Breast Augmentation can be performed using two different kinds of implants. It is essential that the surgeon has the required knowledge about all kinds of implants and that he is therefore able to recommend the most appropriate implant in each case. There is no standard implant suitable for all patients: a surgeon who is using the same kind of implant for all patients has no clear idea of what breast augmentation is about.

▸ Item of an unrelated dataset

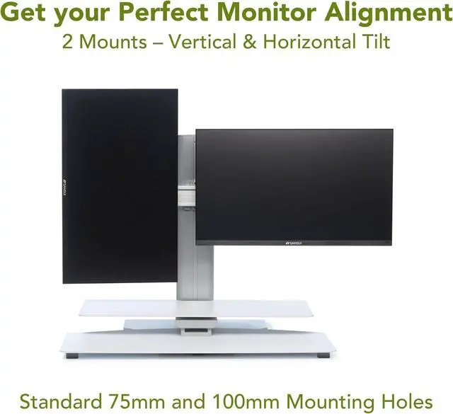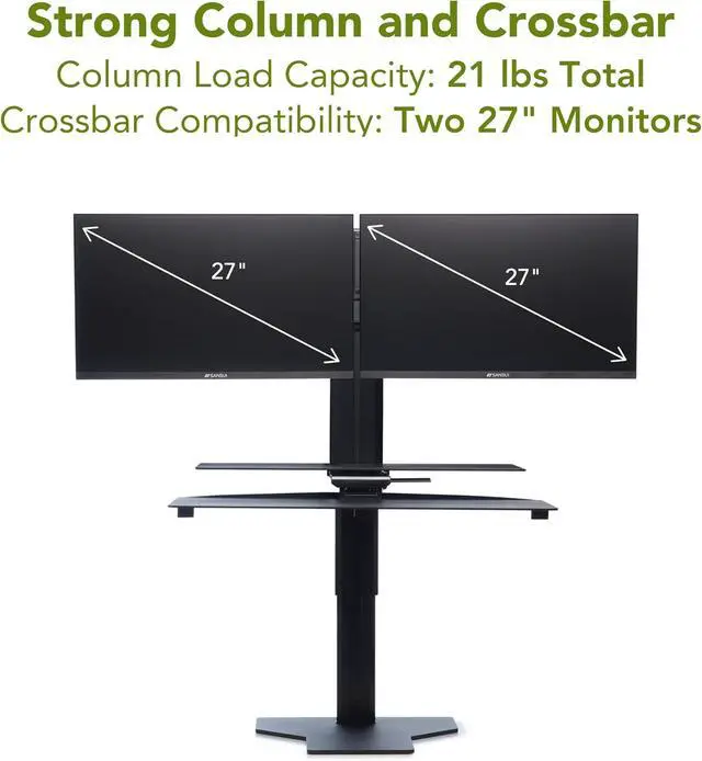 ADJUSTABLE SCREEN ANGLES Position the dual-monitor crossbar anywhere along the column and easily adjust screen angles with standard VESA-compatible mounts that tilt horizontally and vertically to minimize eye strain.
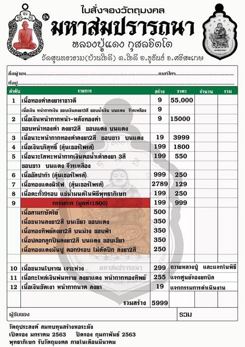 รายการ 5.เนื้อนวะโลหะหน้ากากเงินคอน้ำเต้า ลงยา 3 สี ขอบขาว บนแดง จีวรเหลือง ราคาจอง 550.-บาท มียอด = 2

During the pre-operative consultation, it is important to assess what can be achieved with the procedure and, at the same time, to understand the patient's needs and expectations, in particular the desired size and shape. Based on this, the kind of implant, the volume and the technique will de agreed.
To help the patient's decision, Dr. De Fazio uses the “Sizer Kit” system, which simulates the post-operative result on the patient herself, who can in this way have an active role in choosing the best implant.

The material

Breast Implants can be round or anatomical; furthermore, they can have a low, moderate or high profile; all of them are pre-filled with cohesive silicone gel; finally, they can be textured (with a rough texture) or polyurethane-coated. The latter are the safest to minimize the complication, although rare, of capsular contracture. It is also important to underline that the silicone gel is not liquid rather semi-solid, and, therefore, there is no filler leakage (silicone gel bleed); in addition, it keeps its shape, reproducing the texture of the breast parenchyma or of the breast muscle mass, improving its adherence to the tissues.


The duration of breast implants is unpredictable; on the other hand, it is not necessary, as some people say, that they must be replaced after 10 years. In fact, the major Breast Implant producers provide a long-term guarantee.


The technique
The dual-plane technique consists of placing the implant underneath the pectoralis major muscle (chest muscle), which will be split from the mammary gland. The incision is normally around the nipple (periareolar), but this is not possible when the areola is too small to be able to introduce the implant. In these cases the incision will be in the inframammary fold.
This technique minimizes both the capsular contracture and the rippling risks; the latter might occur in the upper pole with subglandular implants.